**PROBLEM:** Stop at the line containing "Lines 300 |": write out every line from the beginning of the entries up to and including it, minus the pictures.

**SUPPLIED RECORDS:**
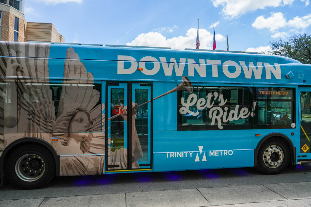 Thanks to partnerships with Downtown Fort Worth Inc. and Visit Fort Worth, riding the Blue Line is free year-round. The route offers easy connectivity to buses, Trinity Metro TEXRail, Trinity Railway Express and Trinity Metro Bikes at Fort Worth Central Station and Fort Worth T&P Station.
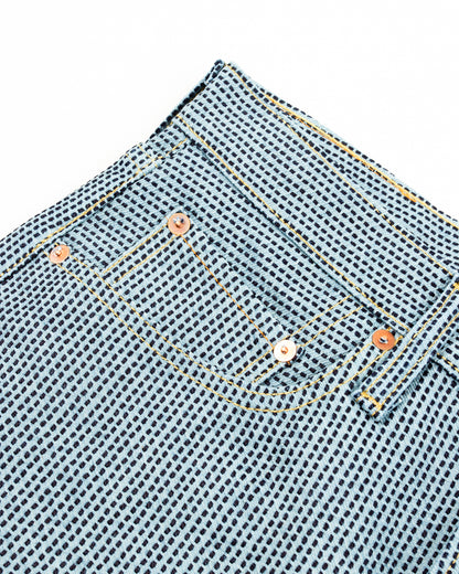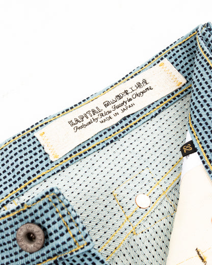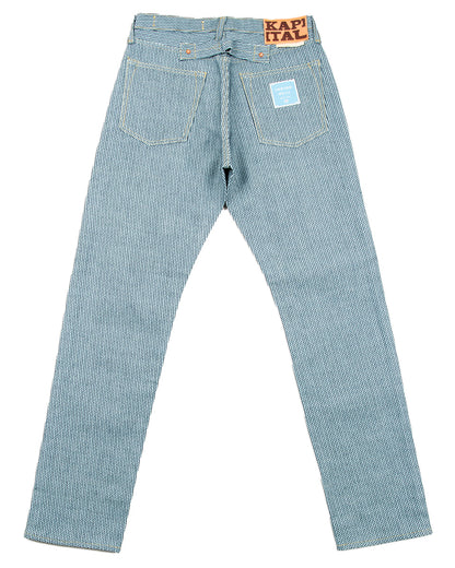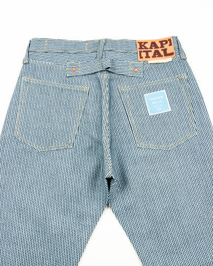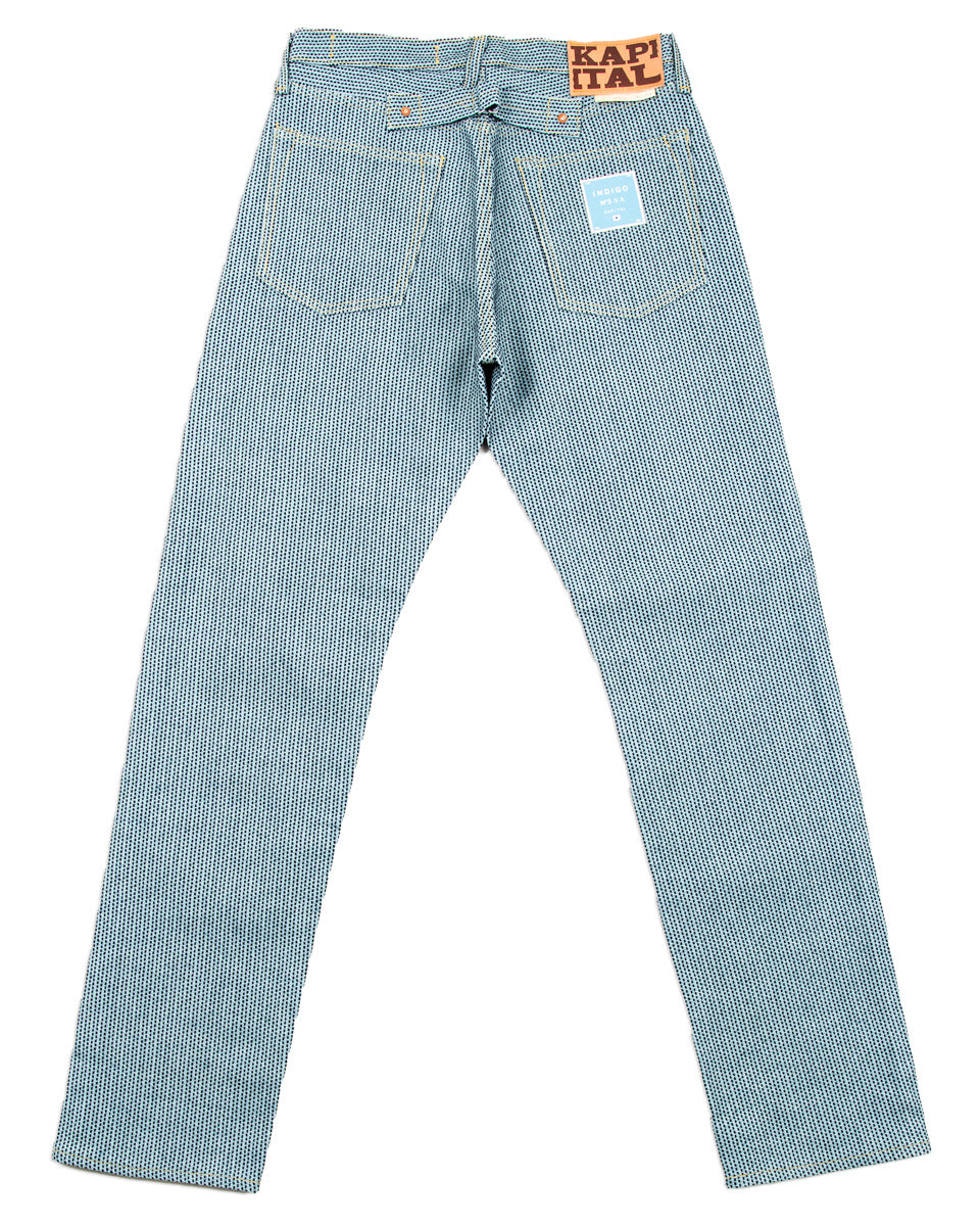 The weaving process to create this denim is a trade secret with Kapital - it all goes through one loom, and one loom only. The base denim, in this case, is a bit slubbier than the other Century denims, and it's all sewn up in the new Monkey Cisco fit.
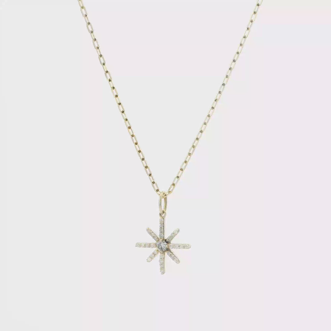 10K Yellow Gold Diamonds Snowflake Pendant & 16-20" Cable Chain - 0.17ct
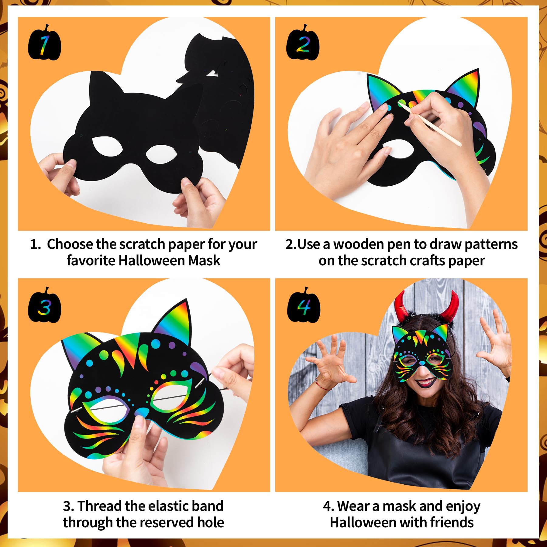 - Q: How do I use the scratch masks for Halloween crafts? A: To use the scratch masks, simply select your favorite design, use the provided wooden stick to gently scrape off the black coating, and reveal the vibrant rainbow colors underneath. Once finished, you can wear the mask using the elastic band.
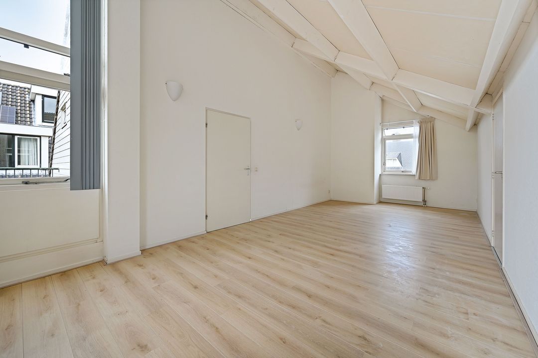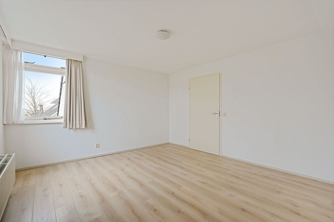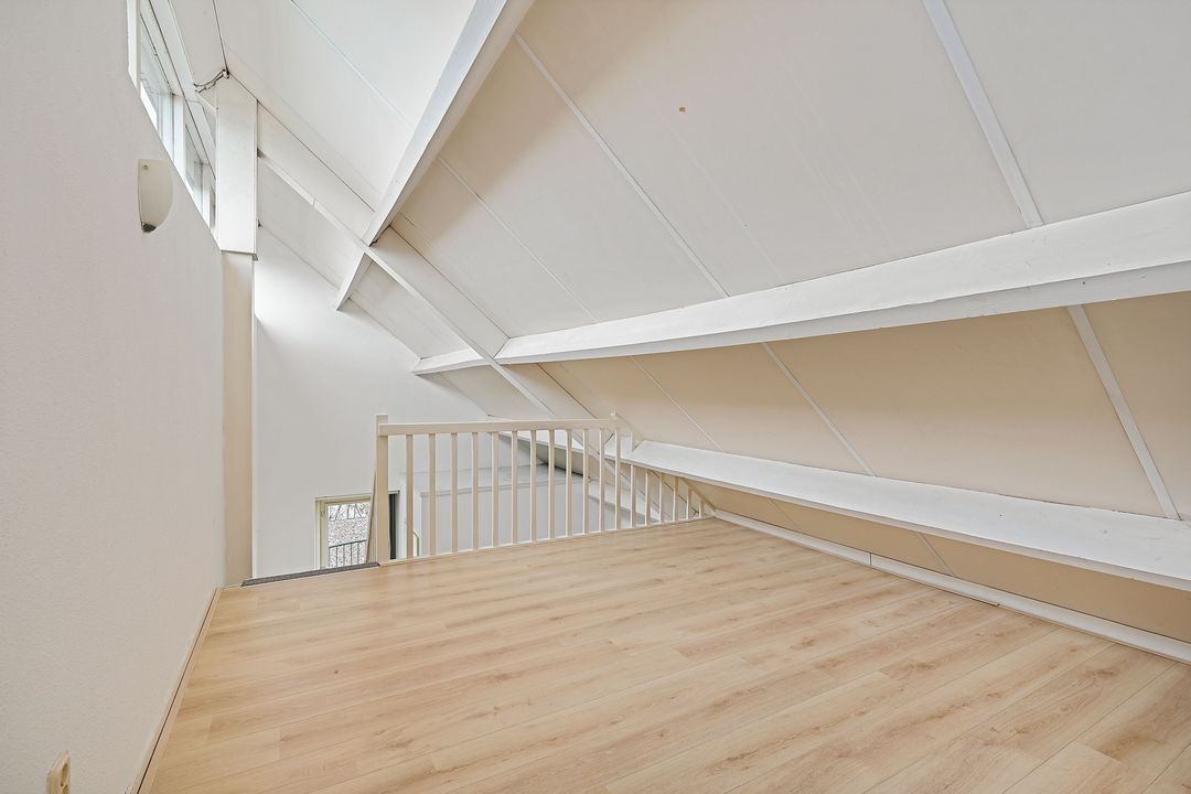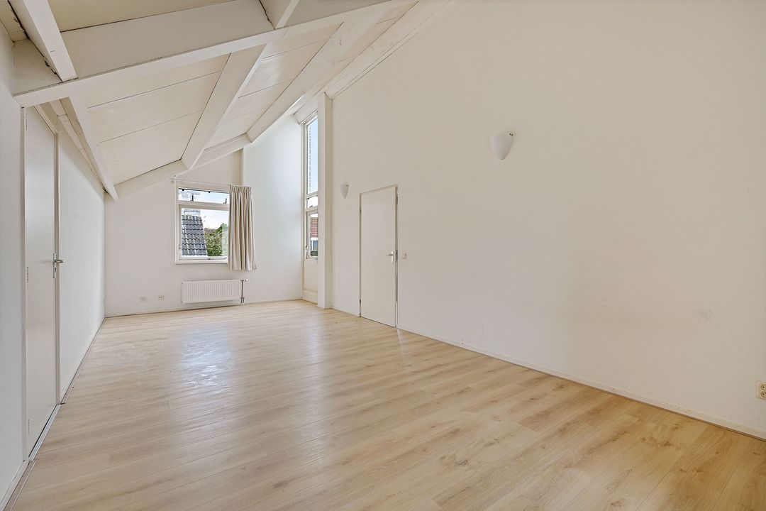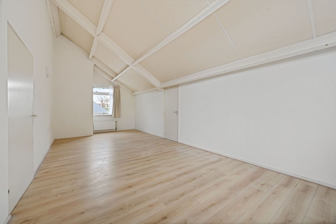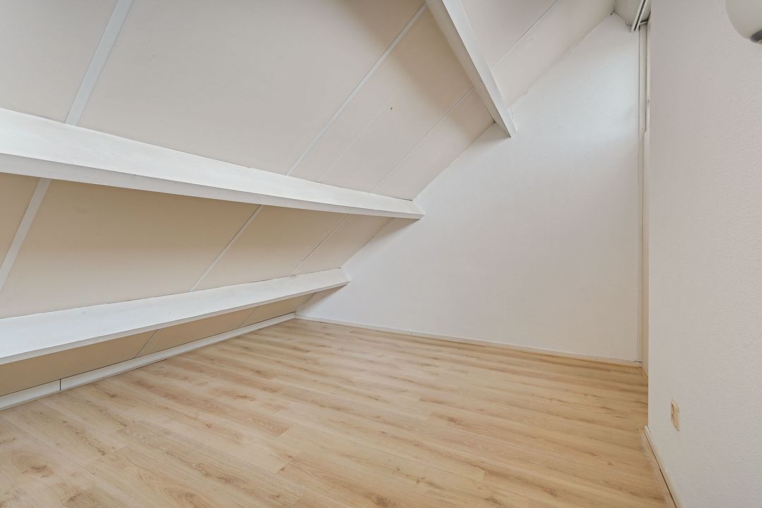 De aan zijkant van de woning gelegen grote slaapkamer is ca. 27.3 m2 deze slaapkamer loopt over de gehele diepte van de woning en is ca. 7.90 x 3.46, deze kamer is makkelijk op te splitsen in 2 kamers en er kan eventueel nog een dakkapel geplaatst worden (afhankelijk van benodigde vergunningen). Twee opbergruimtes waarvan een makkelijk te betrekken bij de slaapkamer. Slaapkamer aan de voorzijde ca. 19.5 m2.
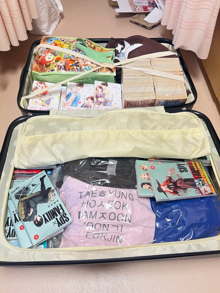 OK. Now, that’s just pre-departure paperwork. Packing was another beast. So, I weighed all my options for what was the best way to getting my stuff home. Really the main and biggest thing I got was all my manga, and books can be super heavy. I also wanted to keep all the pots, pans, and electric kettle I bought while here. My friends all ask why don’t I just trash them, but they’re in great condition still. And I figured I’m going to graduate school somewhere within the next year or two. I can save them for when I get my own place. I originally thought about mailing the books home, but come to find out, it was going to be around 19,000οΏ₯ per box to ship home. That would’ve been about $250 for two boxes, and I would still have so much stuff to bring home, which likely meant mailing out a third and maybe fourth box.
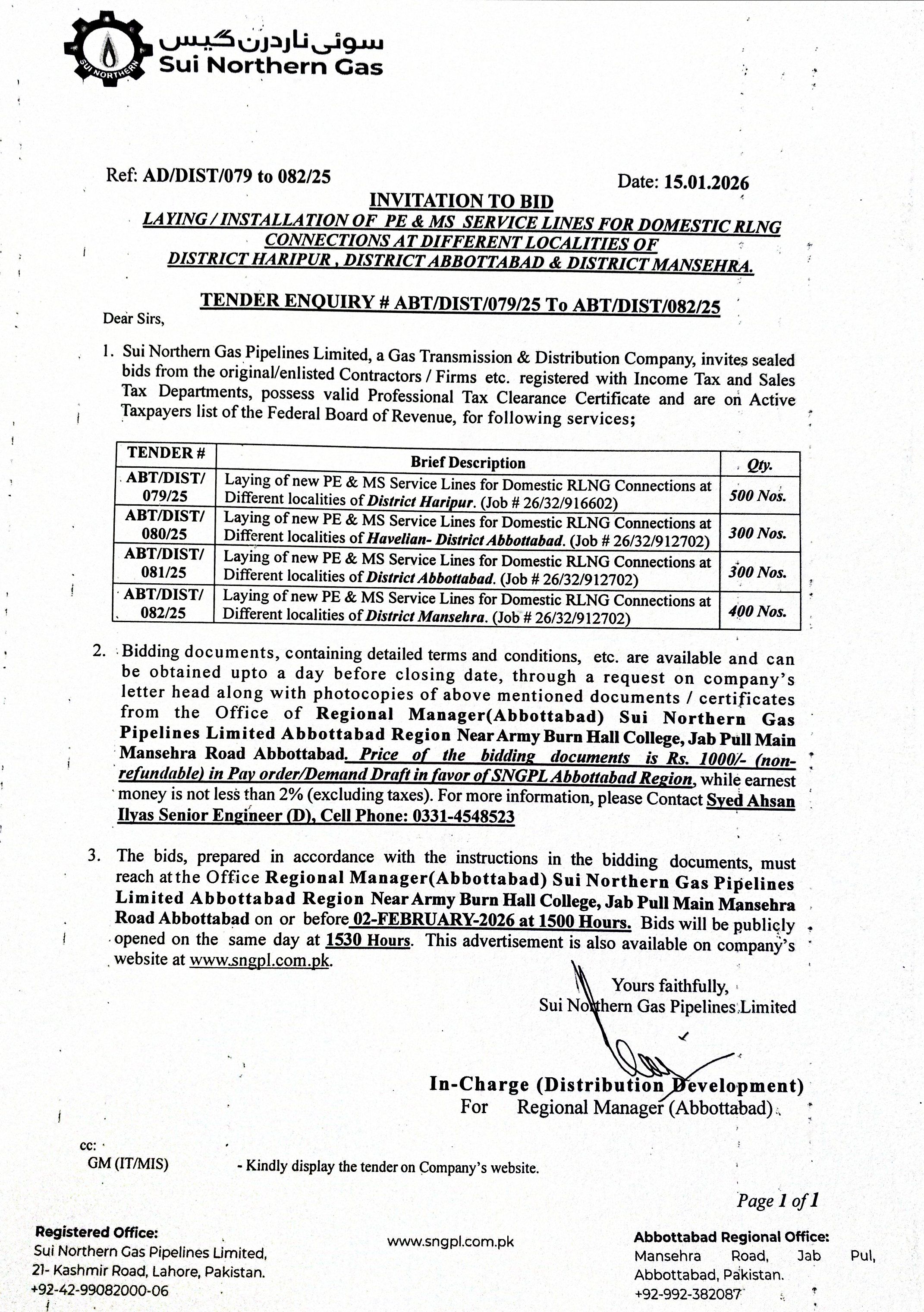 | Laying of new PE & MS Service Lines for Domestic RLNG Connections at Different localities of District Abbottabad. (Job # 26/32/912702) | Nos. of Service Lines 300 |
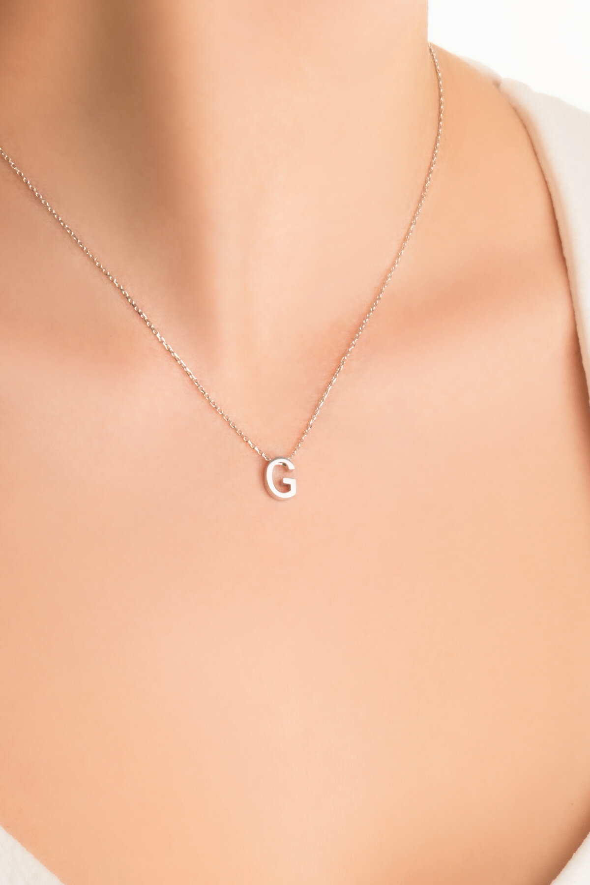 My Story G Harfi 18 Ayar Beyaz Altın Kaplama 45 Cm Gümüş Kolye

**ANSWER TO THIS PROBLEM:**
 Thanks to partnerships with Downtown Fort Worth Inc. and Visit Fort Worth, riding the Blue Line is free year-round. The route offers easy connectivity to buses, Trinity Metro TEXRail, Trinity Railway Express and Trinity Metro Bikes at Fort Worth Central Station and Fort Worth T&P Station.
 The weaving process to create this denim is a trade secret with Kapital - it all goes through one loom, and one loom only. The base denim, in this case, is a bit slubbier than the other Century denims, and it's all sewn up in the new Monkey Cisco fit.
 10K Yellow Gold Diamonds Snowflake Pendant & 16-20" Cable Chain - 0.17ct
 - Q: How do I use the scratch masks for Halloween crafts? A: To use the scratch masks, simply select your favorite design, use the provided wooden stick to gently scrape off the black coating, and reveal the vibrant rainbow colors underneath. Once finished, you can wear the mask using the elastic band.
 De aan zijkant van de woning gelegen grote slaapkamer is ca. 27.3 m2 deze slaapkamer loopt over de gehele diepte van de woning en is ca. 7.90 x 3.46, deze kamer is makkelijk op te splitsen in 2 kamers en er kan eventueel nog een dakkapel geplaatst worden (afhankelijk van benodigde vergunningen). Twee opbergruimtes waarvan een makkelijk te betrekken bij de slaapkamer. Slaapkamer aan de voorzijde ca. 19.5 m2.
 OK. Now, that’s just pre-departure paperwork. Packing was another beast. So, I weighed all my options for what was the best way to getting my stuff home. Really the main and biggest thing I got was all my manga, and books can be super heavy. I also wanted to keep all the pots, pans, and electric kettle I bought while here. My friends all ask why don’t I just trash them, but they’re in great condition still. And I figured I’m going to graduate school somewhere within the next year or two. I can save them for when I get my own place. I originally thought about mailing the books home, but come to find out, it was going to be around 19,000οΏ₯ per box to ship home. That would’ve been about $250 for two boxes, and I would still have so much stuff to bring home, which likely meant mailing out a third and maybe fourth box.
 | Laying of new PE & MS Service Lines for Domestic RLNG Connections at Different localities of District Abbottabad. (Job # 26/32/912702) | Nos. of Service Lines 300 |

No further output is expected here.